The controversial ATPC refinery in the south of the port of Antwerp is closing. It was announced on Thursday. More than a quarter of employees are at risk of being fired. But we do not agree. There are still many open questions, says ABVV Secretary Levi Sully.
Antwerp Terminal & Processing Company (ATPC) provides warehousing as well as refining activities in Beliweg, between Vierde and Fifth Havendok in the south of the port. Gazette van Antwerpen has learned that recent activity has now stopped, and the trade union has confirmed the news.
“Yesterday we received an announcement in a private business council that the company intends to cut 30 jobs by closing the refinery,” Sully said. There will be 18 operational people and 12 employees. We do not agree at all.
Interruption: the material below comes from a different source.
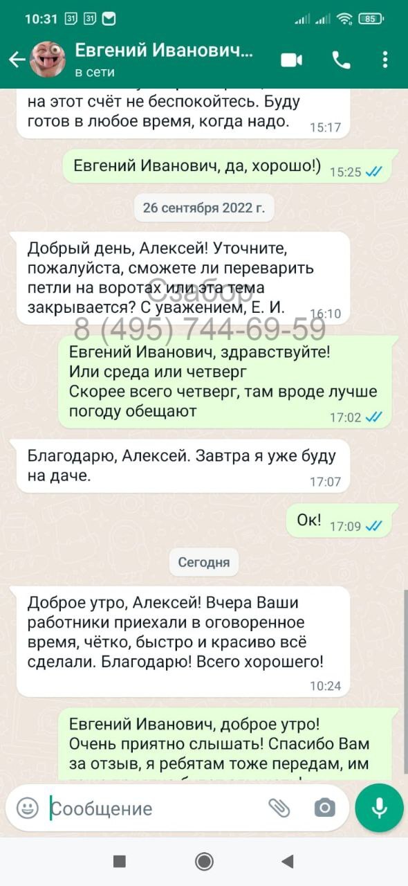 Ноль проблем при эксплуатации калиток. Всегда оперативно подъедем и поможем с любым вопросом даже после истечения гарантийного срока.

There are still many questions.
import and storage
They say the agreement with parent company VITTOL, one of the world’s largest oil traders, has expired, and they haven’t found any more customers. They want to stop the refinery as well as turn the organization into a bitumen import terminal, because this product will continue to be needed.
In fact, ATPC had only one customer, who refines crude oil and turns it into bitumen, a product used, among other things, for road construction. At the same time, the company has come to the attention of governments several times in recent years due to bad odors and oil pollution. The company was already under strict inspection supervision and also imposed an action plan from the Flemish Environmental Department.
“There are difficulties with the company,” Sully admits. There was an irritating component to the smell, but this is also related to the crude oil supplied by the parent company, which tested the composition. If you supply more selectively, it is easier to improve. A company insider is already talking about “strange crude oil”.
So the fact that VITTOL is now out of business as a client is actually their own issue. Now people are saying that no other client has been found, but of course there must be a desire to search. “We think there are still opportunities,” Soleil told the Belga news agency.
It also reports that 18 jobs in the production unit and 12 in support services are at risk. ABVV says it has not yet given in to the intent of mass separation. The union wants to enter into talks within the framework of the Renault law, according to Belga.
The company was not immediately available for comment on Friday afternoon.